**Problem to work on**
Transcribe the entries below exactly, starting with the line that has "กระชับแน่นพิเศษ ไซส์พลัส แฟชั่น" and stopping after the line that has "President & CEO."; no pictures belong in the copy.

**Available data**
┌──
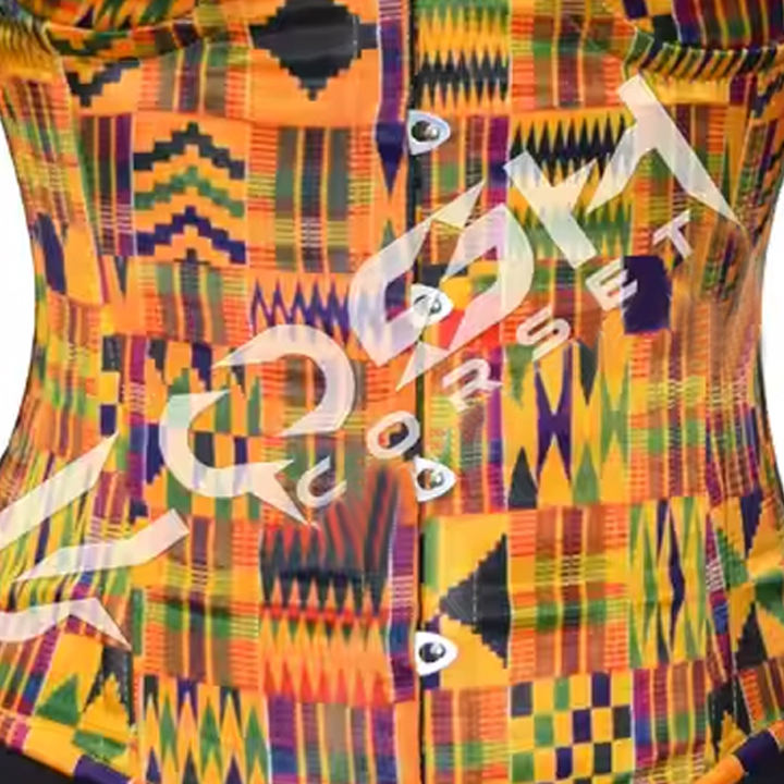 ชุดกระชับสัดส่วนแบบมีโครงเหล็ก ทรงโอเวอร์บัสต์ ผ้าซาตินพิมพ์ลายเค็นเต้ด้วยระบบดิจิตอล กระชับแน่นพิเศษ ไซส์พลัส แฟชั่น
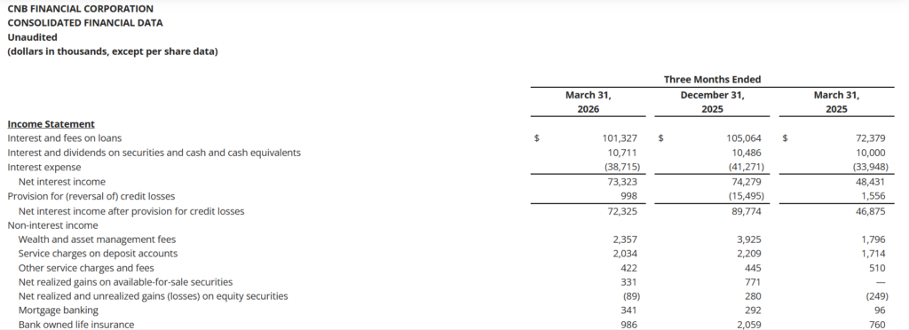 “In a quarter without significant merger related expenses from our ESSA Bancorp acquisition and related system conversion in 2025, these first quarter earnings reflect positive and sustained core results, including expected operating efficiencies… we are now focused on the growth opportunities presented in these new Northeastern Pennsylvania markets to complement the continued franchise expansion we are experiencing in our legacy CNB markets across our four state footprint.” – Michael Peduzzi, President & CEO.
└──
┌──
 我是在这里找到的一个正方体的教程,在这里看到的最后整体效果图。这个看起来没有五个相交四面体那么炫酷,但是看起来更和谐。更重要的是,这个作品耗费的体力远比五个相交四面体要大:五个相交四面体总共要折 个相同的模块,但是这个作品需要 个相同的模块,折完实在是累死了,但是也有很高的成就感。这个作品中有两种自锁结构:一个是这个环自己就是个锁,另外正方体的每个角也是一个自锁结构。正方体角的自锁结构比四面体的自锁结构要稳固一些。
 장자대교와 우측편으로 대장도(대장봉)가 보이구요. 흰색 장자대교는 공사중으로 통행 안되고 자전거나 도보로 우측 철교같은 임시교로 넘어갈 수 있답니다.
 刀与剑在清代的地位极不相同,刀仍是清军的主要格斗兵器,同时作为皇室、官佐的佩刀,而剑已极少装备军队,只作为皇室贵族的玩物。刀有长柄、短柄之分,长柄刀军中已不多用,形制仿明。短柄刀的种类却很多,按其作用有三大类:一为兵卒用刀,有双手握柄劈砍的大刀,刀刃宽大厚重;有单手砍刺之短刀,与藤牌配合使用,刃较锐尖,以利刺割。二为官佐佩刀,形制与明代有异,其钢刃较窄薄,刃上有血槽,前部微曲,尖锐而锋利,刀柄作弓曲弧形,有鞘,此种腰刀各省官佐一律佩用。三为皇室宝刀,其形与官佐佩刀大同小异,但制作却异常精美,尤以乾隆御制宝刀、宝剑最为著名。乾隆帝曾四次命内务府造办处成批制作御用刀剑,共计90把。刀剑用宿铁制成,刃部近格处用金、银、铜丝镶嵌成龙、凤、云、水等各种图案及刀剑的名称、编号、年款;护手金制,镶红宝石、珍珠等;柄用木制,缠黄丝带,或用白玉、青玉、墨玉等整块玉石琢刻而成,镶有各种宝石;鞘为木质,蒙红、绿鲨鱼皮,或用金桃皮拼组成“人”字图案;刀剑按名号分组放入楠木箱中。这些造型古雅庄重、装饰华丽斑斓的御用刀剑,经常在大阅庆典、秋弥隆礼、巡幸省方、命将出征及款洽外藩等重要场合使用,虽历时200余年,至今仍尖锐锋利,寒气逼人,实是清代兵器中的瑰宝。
└──
┌──
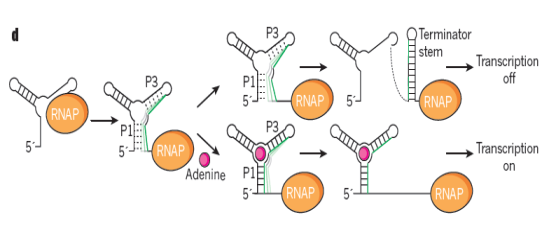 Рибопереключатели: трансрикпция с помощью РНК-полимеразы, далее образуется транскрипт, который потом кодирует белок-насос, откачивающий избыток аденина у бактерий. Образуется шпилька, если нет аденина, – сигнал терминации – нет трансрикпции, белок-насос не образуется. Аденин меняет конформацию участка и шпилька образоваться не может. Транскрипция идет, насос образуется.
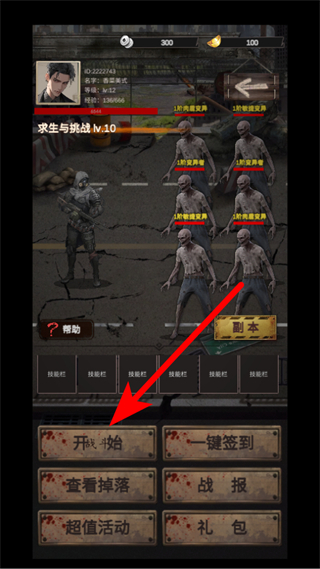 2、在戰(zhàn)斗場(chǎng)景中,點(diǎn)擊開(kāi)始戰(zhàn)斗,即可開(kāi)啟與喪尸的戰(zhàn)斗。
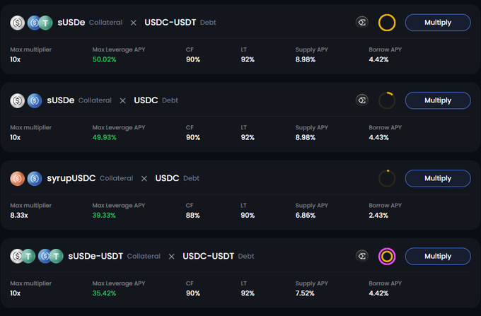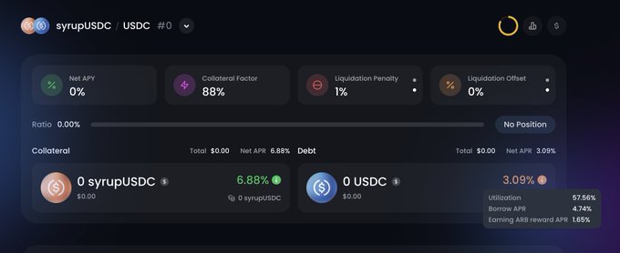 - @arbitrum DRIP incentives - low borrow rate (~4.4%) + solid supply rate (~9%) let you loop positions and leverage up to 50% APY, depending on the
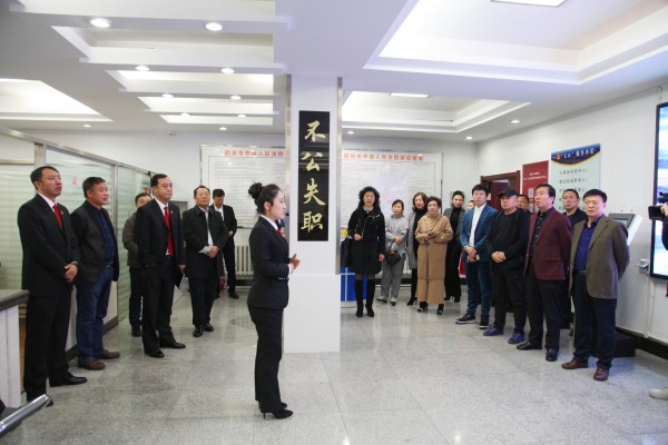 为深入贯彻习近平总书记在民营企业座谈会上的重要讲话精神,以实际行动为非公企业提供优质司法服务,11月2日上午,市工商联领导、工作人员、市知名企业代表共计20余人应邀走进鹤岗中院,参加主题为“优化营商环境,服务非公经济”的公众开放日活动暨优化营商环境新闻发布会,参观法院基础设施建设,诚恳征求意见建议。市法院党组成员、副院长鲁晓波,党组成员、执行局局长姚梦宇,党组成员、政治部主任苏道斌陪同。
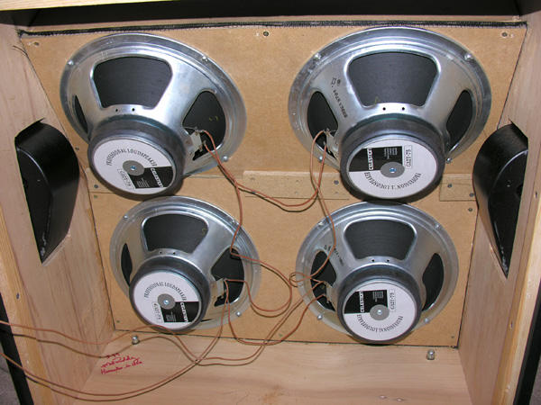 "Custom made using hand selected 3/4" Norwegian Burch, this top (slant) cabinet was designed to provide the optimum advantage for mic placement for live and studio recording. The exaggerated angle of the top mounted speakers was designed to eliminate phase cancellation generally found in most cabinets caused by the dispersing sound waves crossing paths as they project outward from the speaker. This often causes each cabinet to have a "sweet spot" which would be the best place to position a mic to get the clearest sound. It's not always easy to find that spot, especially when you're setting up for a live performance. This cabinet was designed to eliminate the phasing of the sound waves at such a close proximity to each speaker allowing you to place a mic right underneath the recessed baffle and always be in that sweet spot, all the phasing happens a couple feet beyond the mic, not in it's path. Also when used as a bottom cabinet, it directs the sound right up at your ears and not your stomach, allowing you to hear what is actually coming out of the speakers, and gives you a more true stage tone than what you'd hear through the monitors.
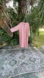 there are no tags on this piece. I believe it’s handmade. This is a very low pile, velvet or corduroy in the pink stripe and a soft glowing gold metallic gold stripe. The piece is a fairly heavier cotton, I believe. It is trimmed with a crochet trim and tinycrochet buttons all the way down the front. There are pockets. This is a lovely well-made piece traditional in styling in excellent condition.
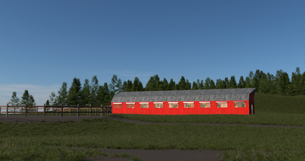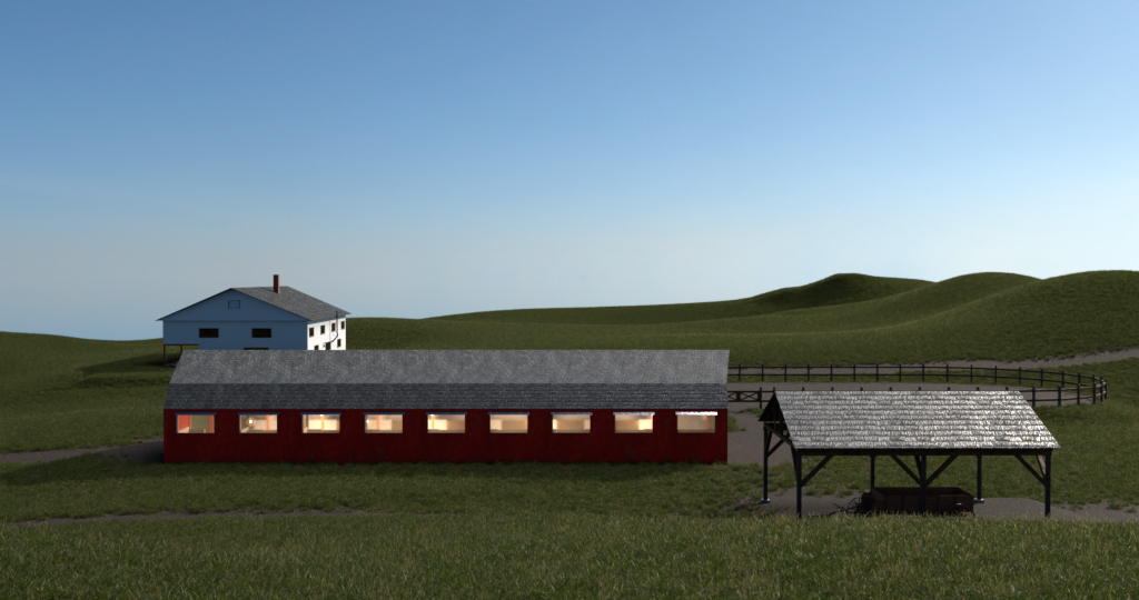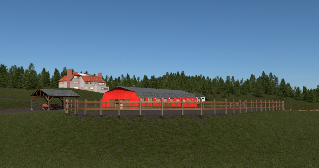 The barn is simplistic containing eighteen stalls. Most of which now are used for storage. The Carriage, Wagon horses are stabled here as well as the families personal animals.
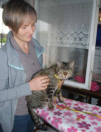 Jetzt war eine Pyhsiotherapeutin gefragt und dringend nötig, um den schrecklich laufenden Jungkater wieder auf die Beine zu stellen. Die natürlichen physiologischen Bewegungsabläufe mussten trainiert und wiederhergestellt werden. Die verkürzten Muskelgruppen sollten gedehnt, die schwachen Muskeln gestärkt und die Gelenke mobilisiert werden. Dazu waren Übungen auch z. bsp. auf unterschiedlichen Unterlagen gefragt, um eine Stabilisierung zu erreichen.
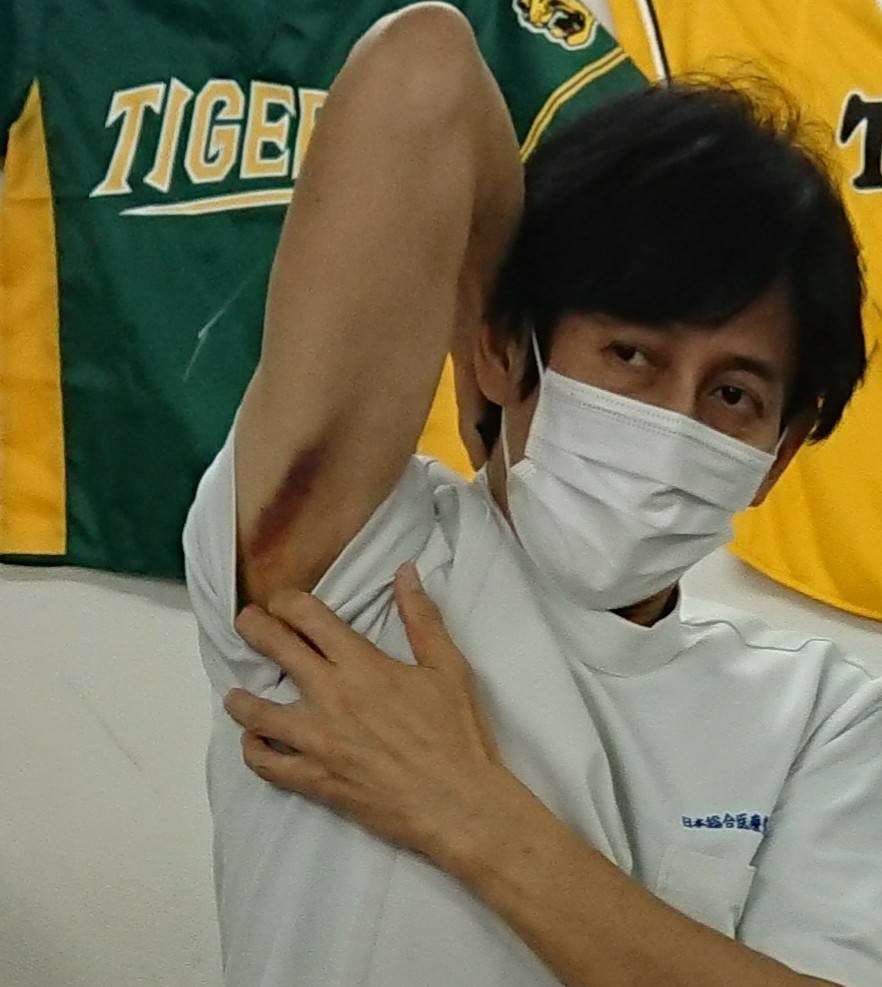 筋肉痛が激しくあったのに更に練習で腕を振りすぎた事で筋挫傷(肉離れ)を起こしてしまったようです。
└──
**Reply**
 ชุดกระชับสัดส่วนแบบมีโครงเหล็ก ทรงโอเวอร์บัสต์ ผ้าซาตินพิมพ์ลายเค็นเต้ด้วยระบบดิจิตอล กระชับแน่นพิเศษ ไซส์พลัส แฟชั่น
 “In a quarter without significant merger related expenses from our ESSA Bancorp acquisition and related system conversion in 2025, these first quarter earnings reflect positive and sustained core results, including expected operating efficiencies… we are now focused on the growth opportunities presented in these new Northeastern Pennsylvania markets to complement the continued franchise expansion we are experiencing in our legacy CNB markets across our four state footprint.” – Michael Peduzzi, President & CEO.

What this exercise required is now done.